Оно и понятно, что каждая из развеселых девиц, нанятых на ночку, чтобы скрасить мужское одиночество, согреть холодную постель, развлечь разговорами и многим, многим другим, — каждая выступала под своей личиной. И любой разумный человек, а Уилл Кемп считал себя таковым, не станет докапываться до девицы, согласившейся с ним лечь за пару монет, что у нее на душе. На такие вещи способен Палкотряс — тому вечно мало одного только теплого, мягкого, роскошного тела, подавай на блюде живую душу, а теперь вот еще и самый младший Бербедж за ним подался. И правду говорят — дурной пример хуже заразы.
И Кемп обычно не спрашивал, но сегодня девиц было целых три — а для трех двух имен маловато.
— Как вам больше нравится, сэр, — потупилась рыженькая, кутаясь с притворной скромностью в длинные свои локоны до самого округлого зада, и Кемп, запнувшись лишь на миг, сказал:
— Буду называть тебя Белла, — а сам подумал о той прекрасной девчушке, леди Арбелле. Судьба свела с ней на короткие пару часов, а забыть, ты смотри, не мог до сих пор. И добавил, зарываясь пятерней в текущее золото, пригибая голову девицы к своему паху и преисполняясь самых приятных ожиданий:
— Называйте меня Уилл, вы все, не надо тут церемоний.

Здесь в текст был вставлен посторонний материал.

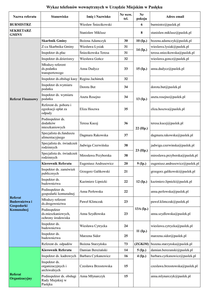 Wykaz telefonów wewnętrznych w Urzędzie Miejskim w Pasłęku Nazwa referatu Stanowisko Imię i Nazwisko Nr wew. tel. Nr pokoju Adres email BURMISTRZ Wiesław Śniecikowski 6 [email protected] SEKRETARZ GMINY Stanisław Miklusz 8 [email protected] 10 (Ip.) [email protected] Skarbnik Gminy Bożena Adamczyk 30 Z-ca Skarbnika Gminy Wiesława Łysiak 31 Inspektor ds.płac Śniecikowska Teresa 31 Inspektor ds.dzierżawy Wiesława Gończ 32 Młodszy referent ds.podatku transportowego Anna Dudycz 33 Referat Organizacyjny [email protected] [email protected] [email protected] 15 (Ip.) [email protected] Inspektor ds.obsługi kasy Regina Jachimek 32 Inspektor ds.wymiaru podatku Dorota But 34 Aneta Rosejno 34 Referent ds. poboru i egzekucji opłat za odpady Eliza Hoszwa 35 [email protected] Podinspektor ds. dodatków mieszkaniowych Teresa Kucej 36 [email protected] Specjalista ds.funduszu alimentacyjnego Dagmara Rakowska 37 Specjalista ds. świadczeń Jadwiga Czerwińska rodzinnych 38 Specjalista ds. świadczeń Mirosława Przyborska rodzinnych 38 Kierownik Referatu Eugeniusz Andrusewicz 20 Inspektor ds. zamówień publicznych Grzegorz Galikowski 21 Inspektor ds. budownictwa Kazimierz Lipnicki 22 Podinspektor ds. gospodarki komunalnej Anna Perłowska 22 [email protected] Młodszy referent ds.drogownictwa Paweł Klimczak 23 [email protected] Podinspektor ds.mieszkaniowych, ochrony środowiska Anna Szydłowska 23 [email protected] Inspektor ds. budownictwa Wiesława Cytrycka 24 [email protected] Inspektor ds. budownictwa Marzena Sidor 25 Referent ds. odpadów Bożena Starzyńska 73 Kierownik Referatu Damian Bereżański 14 5 (Ip.) [email protected] Inspektor ds. kadrowych Barbara Cyrkanowicz 16 4 (Ip.) [email protected] Inspektor ds. organizacyjnych i archiwalnych Czesława Brzostowska 15 [email protected] Anna Młynarczyk 15 [email protected] Inspektor ds. wymiaru Referat Finansowy podatku Referat Budownictwa i Gospodarki Komunalnej 14 (Ip.) Podinspektor ds. obsługi Rady Miejskiej w Pasłęku [email protected] 13 (Ip.) [email protected] 22 (IIp.) [email protected] [email protected] 23 (IIp.) [email protected] 9 (Ip.) [email protected] [email protected] 12 (Ip.) [email protected] 13A (Ip.) 11 (Ip.) [email protected] (ZGKiM) [email protected] Referat Organizacyjny Referat Spraw Obywatelskich Inspektor ds. informatyki Marcin Andrusewicz 18 Sekretarka ds. obsługi sekretariatu 11 Młodszy referent ds.obsługi sekretariatu Diana Stefanowska Urząd Stanu Cywilnego Radcy Prawni [email protected] 7 (Ip.) Magdalena Strzelecka Biuro Obsługi Interesanta 10 [email protected] 17 PARTER 26 (IIp.) [email protected] Kierownik Referatu Patryk Kwieciński 40 Młodszy referent ds. dowodów osobistych Joanna Pielech 42 Podinspektor ds. ewidencji ludności Joanna Gliniewicz 41 Strażnik Miejski Jörgen Hinz 43 Strażnik Miejski Jerzy Kulon 43 Strażnik Miejski Jerzy Oryl 43 Strażnik Miejski Tadeusz Zarudzki 43 Strażnik Miejski Sławomir Stando 43 Kierownik Referatu Piotr Szczepkowski 50 [email protected] 28 (IIp.) Referent ds. oświaty Joanna Łopacka Referat Edukacji, Promocji i Rozwoju Podinspektor Jolanta Stankiewicz ds.stypendiów Gminy Podinspektor ds. Małgorzata Krasińska działalności gospodarczej Referat Rolnictwa i Gospodarki Gruntami 30 (IIp.) [email protected] 50 [email protected] 29 (IIp.) [email protected] 25 (IIp.) 52 [email protected] [email protected] [email protected] 21 (IIp.) 51 [email protected] [email protected] Kierownik Referatu Grzegorz Orłowski 60 Podinspektor ds. rolnictwa i geodezji Eugeniusz Ośka 61 Inspektor ds.rolnictwa i wycinki drzew Deonizy Krasiński 61 Inspektor ds. sprzedaży nieruchomości Irena Misiun 62 17 (IIp.) [email protected] Kierownik USC Andrzej Pągowski 70 Z-ca Kierownika USC Agnieszka Pawłowska 70 [email protected] 2 PARTER [email protected] Radca prawny Jolanta Skuratowicz 54 Radca prawny Andrzej Korzeniowski 54 20 (IIp.) [email protected] [email protected] 24 (IIp.)
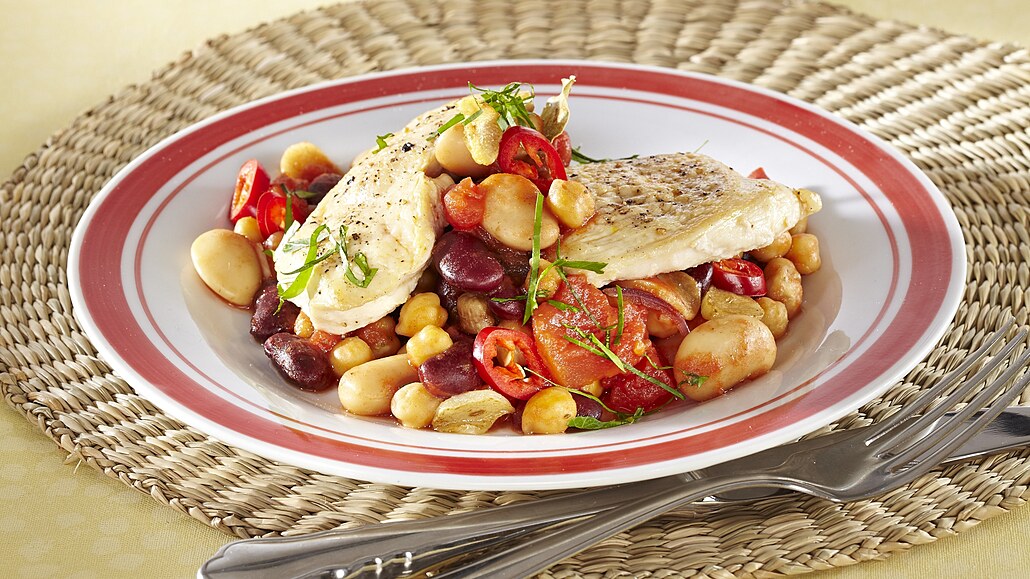 - V kastrolu rozehřejeme zbylý olej a kuřecí řízky po obou stranách pomalu opečeme. Opečené maso vyjmeme. Do výpeku dáme pórek, orestujeme, vyjmeme a přidáme ke kuřecím řízkům. Do kastrolu přidáme luštěniny i s vodou a zlehka pod poklicí vaříme asi 40 minut.

Ночь выдалась черной, безлунной и беззвездной, а фонарей на Хог-Лейн не водилось отродясь. Никто больше не мог видеть его лица, никто больше не стал бы издеваться над тем, что он ведет себя неподобающе мужчине или посягает на чью-то свободу. Вне стен дома, именно дома, оставленного в такой спешке и в таком отчаянии, будто за ним гнались Эринии или дикие звери, готовые растерзать его плоть, раз души уже не было более, душу он все-таки отдал Киту, отдал — и оставил у него, не посмел забрать, уходя, можно было, наконец, не притворяться. Можно было бы стать самим собой, да вот только он теперь был никем, растеряв все, что имел, чем был за прошедшие сутки.
А значит… Значит, можно было наконец предаться своему горю и отчаянию — сполна.
И Уилл плакал, рыдал, не скрываясь больше ни от кого, размазывал соленую влагу по щекам, вдыхал судорожно длинно — и не делал вид, что это ветер или дождь. Да и в конце концов, кому какое дело, его жизнь кончена, утекла, как утекает сквозь пальцы вода или песок, и не для чего больше ни скрываться, ни притворяться, да и жить, по большому счету тоже незачем.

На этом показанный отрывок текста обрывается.